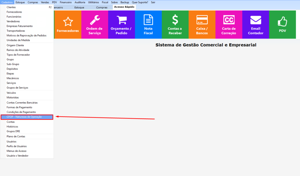 Primeiro passo – Cadastro -> CFOP -> Naturezas da Operação
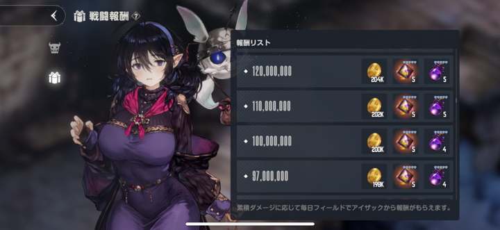 具体的には、過去に出したことがある最大ダメージに応じて、ゴールド(お金)、古代水晶(UR装備の製作に必要)、覚醒の霊薬(キャラの覚醒に必要)が毎日ほぼ自動的に手に入る。毎日9時になるとロエンの使い魔であるアイザックが報酬を持ってきてくれるので、受取ボタンを押すだけでよい。
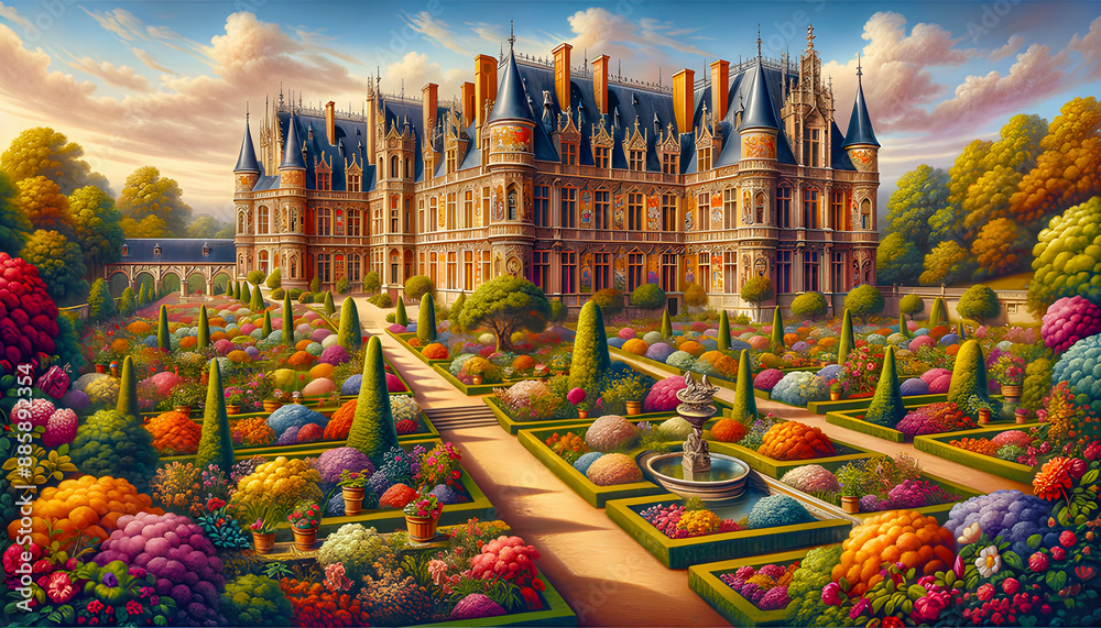 A royal estate mansion castle features grandiose gardens with manicured lawns, elegant fountains, and vibrant flowerbeds, creating an opulent and serene setting of historical splendor and natural beau #885892354
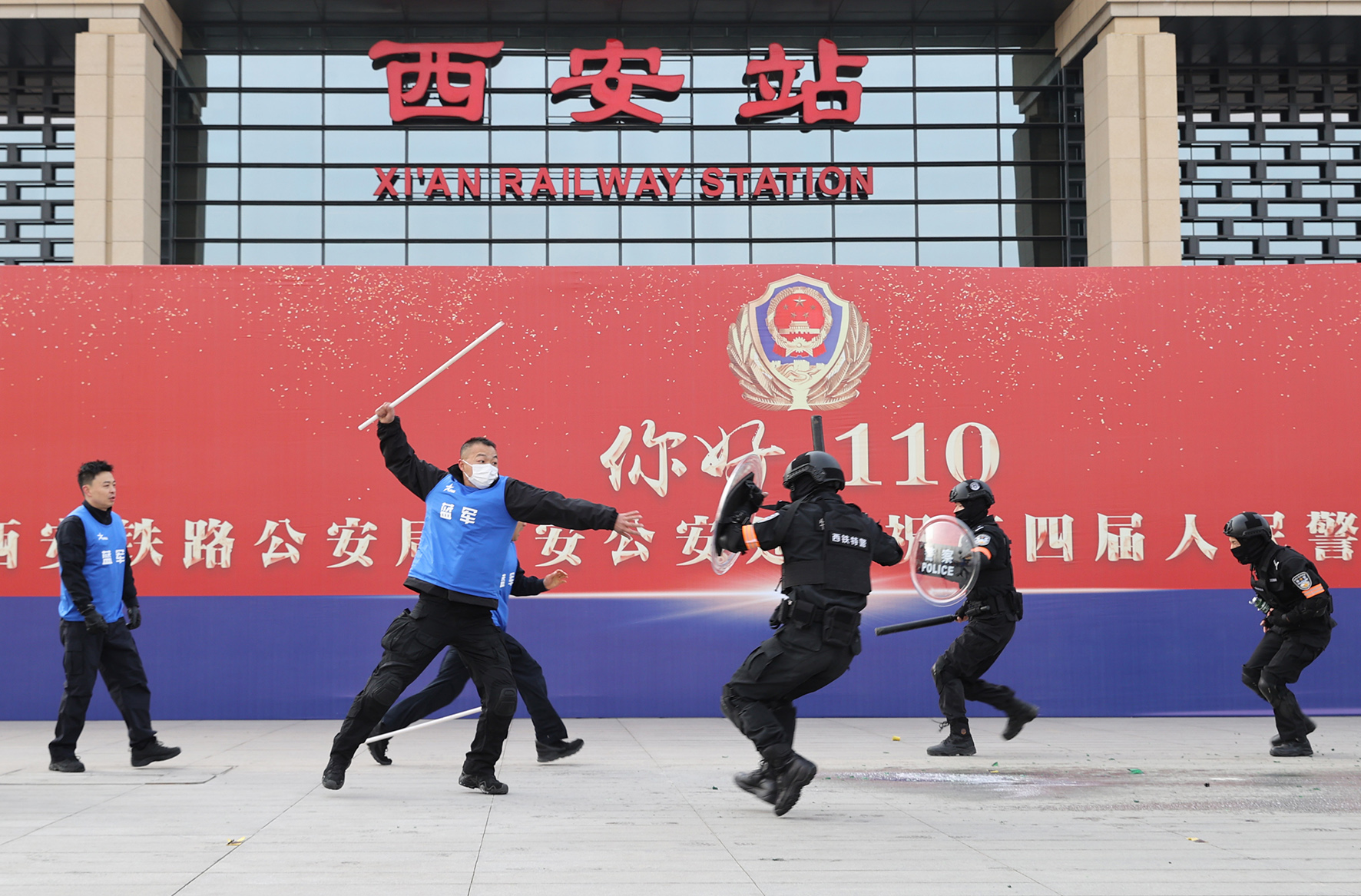 1月7日,西安火車站北廣場(chǎng),西安鐵路公安處特警隊(duì)員在進(jìn)行特警技戰(zhàn)術(shù)演練。
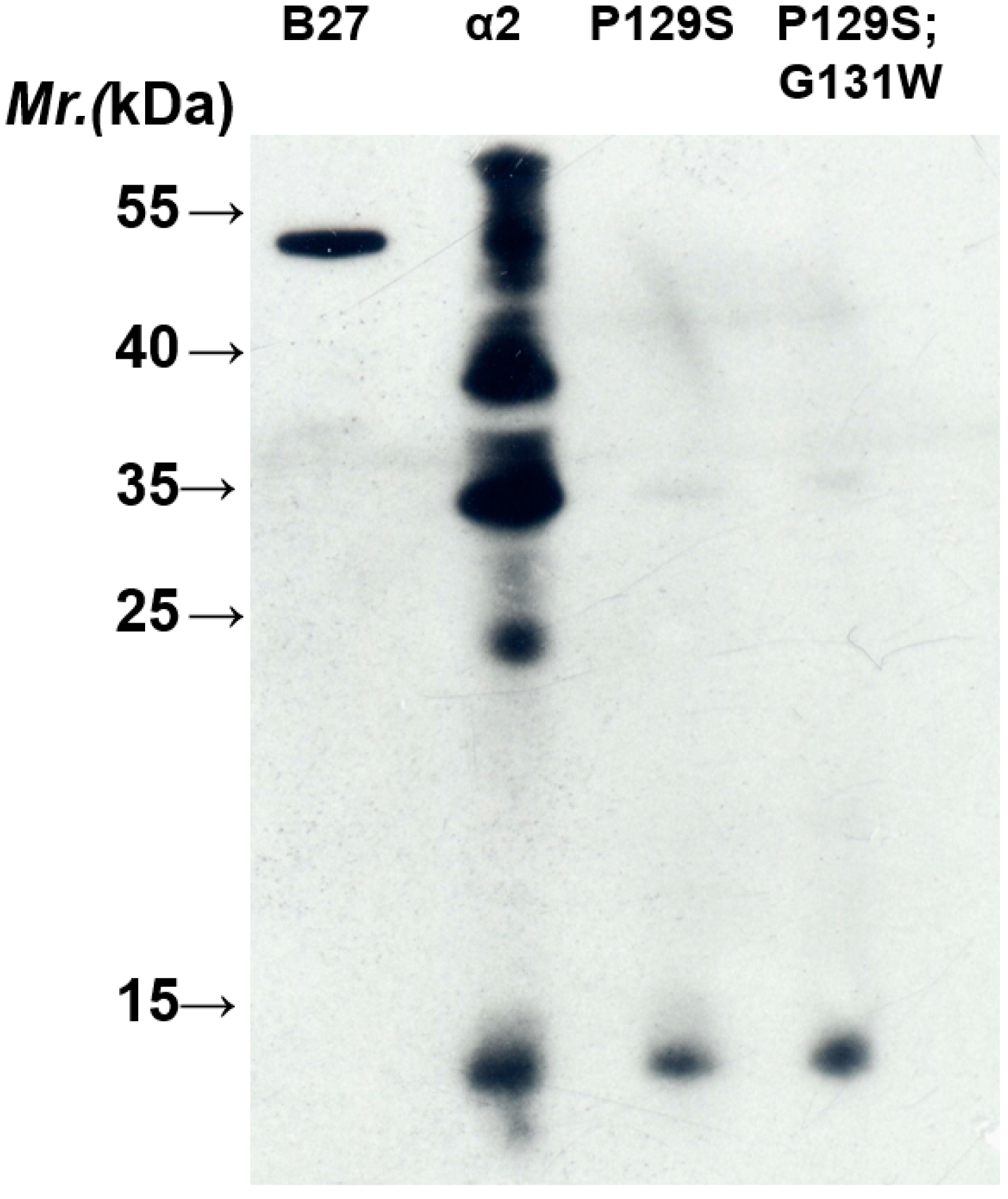 Double replacements of Pro-129 and Gly-131 with Ser and Trp, respectively, on the α2 domain do not affect the BH2-binding. An aliquot (20 µg) of each crude protein extracted from E. coli bacteria that have overexpressed the indicated mutant α2 domain of HLA-B27 HC was separated by SDS-PAGE (15%) and analyzed by western blotting using BH2 monoclonal antibody.
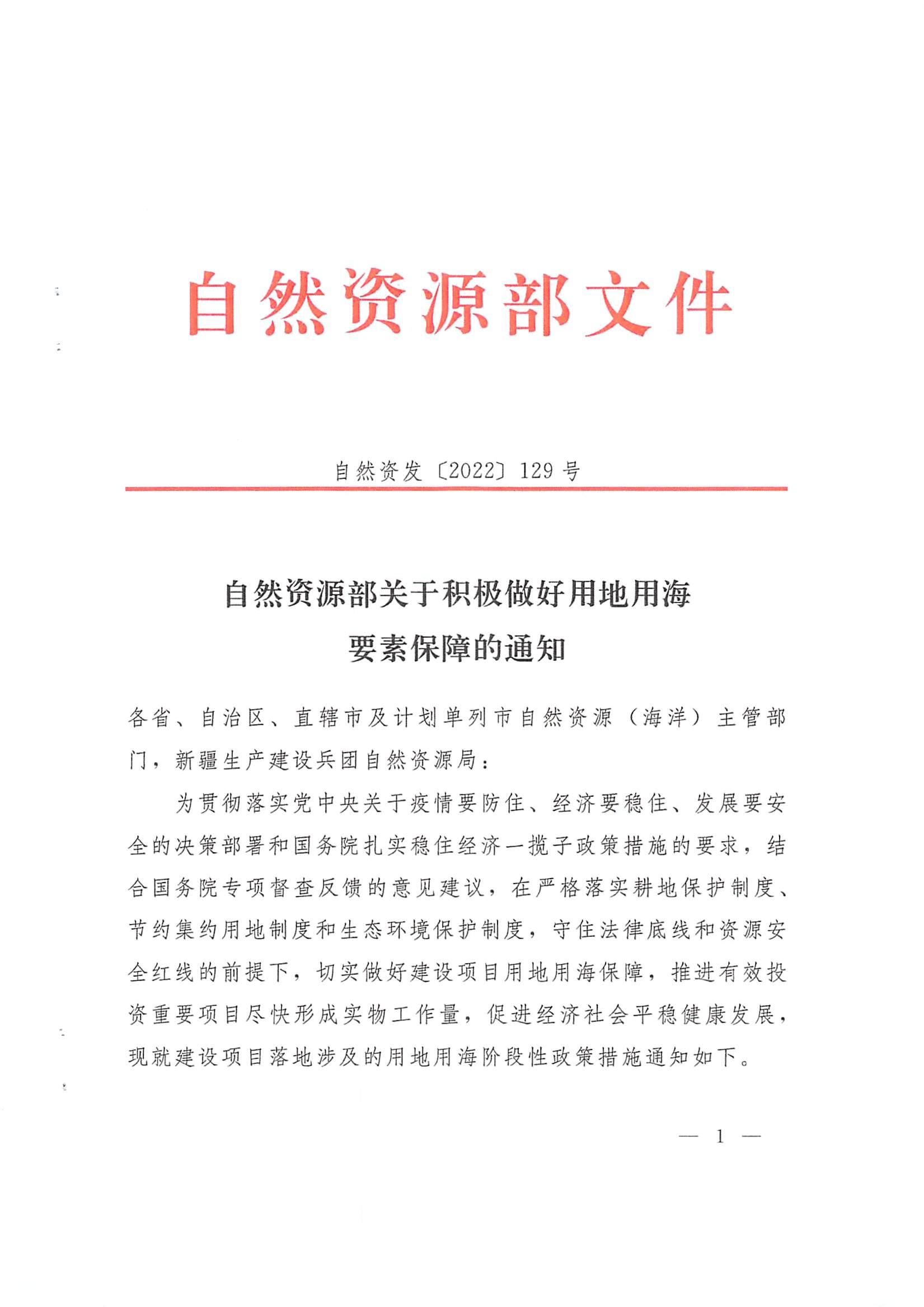 自然资发〔2022〕129号_《自然资源部关于积极做好用地用海要素保障的通知》
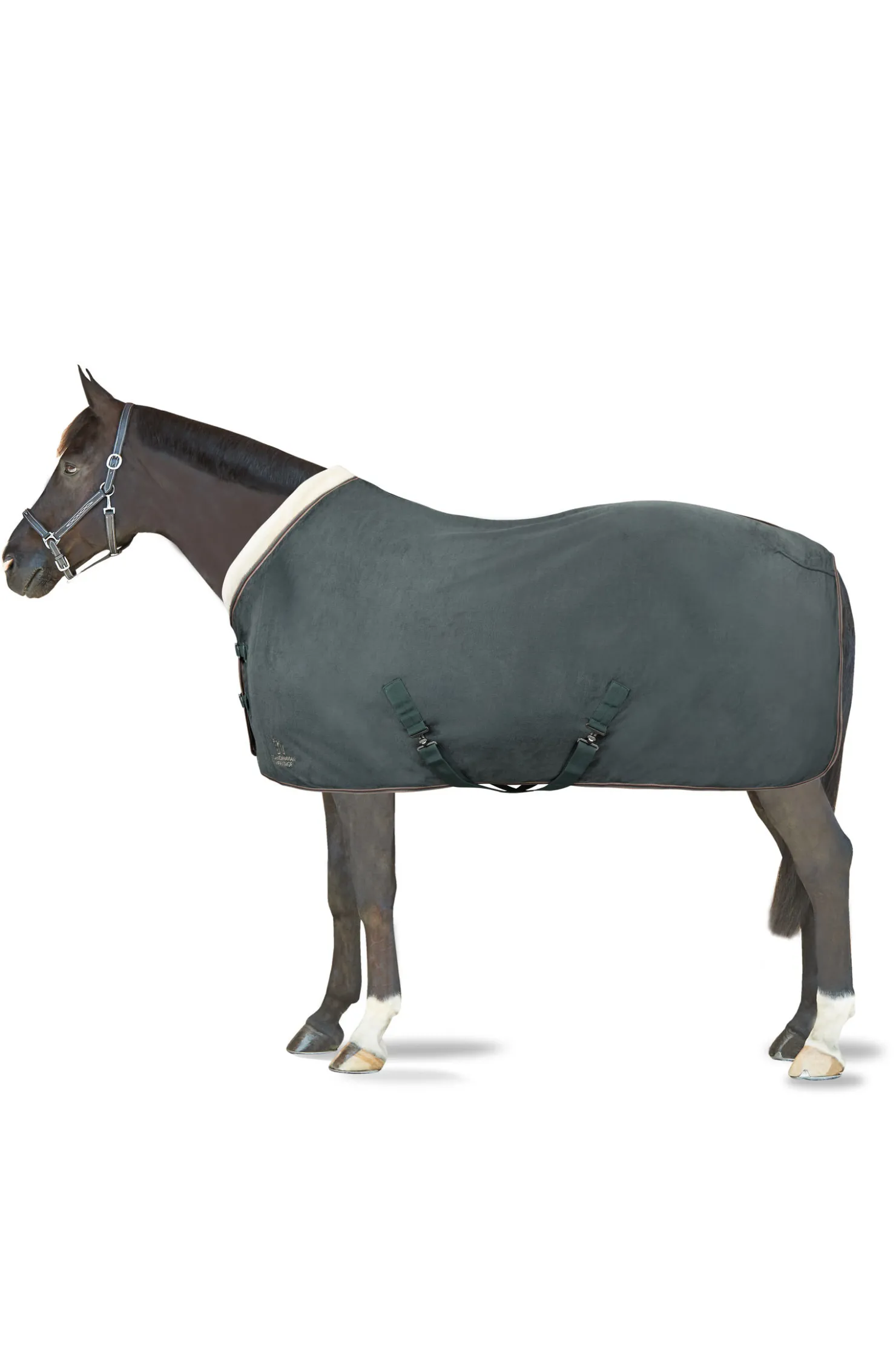 Horze Leighton svettedekken er laget av myk fleece med en behagelig fuskepels på kragen.Dobbel frontlukking, kryssgjorder og halesnor holder dekkenet på plass.Trykket kant langs ryggraden ser sporty ut, og brodering på siden lager et skandinavisk inntrykk.Kombiner dette dekkenet med resten av Horze Leighton Teens Collection for et matchende sett!
§ §
**Problem requirements:** Omit the pictures and return exactly the lines from the line containing "Double replacements of" through the final line of the material above, both ends included.

**Reply to the task:**
 Double replacements of Pro-129 and Gly-131 with Ser and Trp, respectively, on the α2 domain do not affect the BH2-binding. An aliquot (20 µg) of each crude protein extracted from E. coli bacteria that have overexpressed the indicated mutant α2 domain of HLA-B27 HC was separated by SDS-PAGE (15%) and analyzed by western blotting using BH2 monoclonal antibody.
 自然资发〔2022〕129号_《自然资源部关于积极做好用地用海要素保障的通知》
 Horze Leighton svettedekken er laget av myk fleece med en behagelig fuskepels på kragen.Dobbel frontlukking, kryssgjorder og halesnor holder dekkenet på plass.Trykket kant langs ryggraden ser sporty ut, og brodering på siden lager et skandinavisk inntrykk.Kombiner dette dekkenet med resten av Horze Leighton Teens Collection for et matchende sett!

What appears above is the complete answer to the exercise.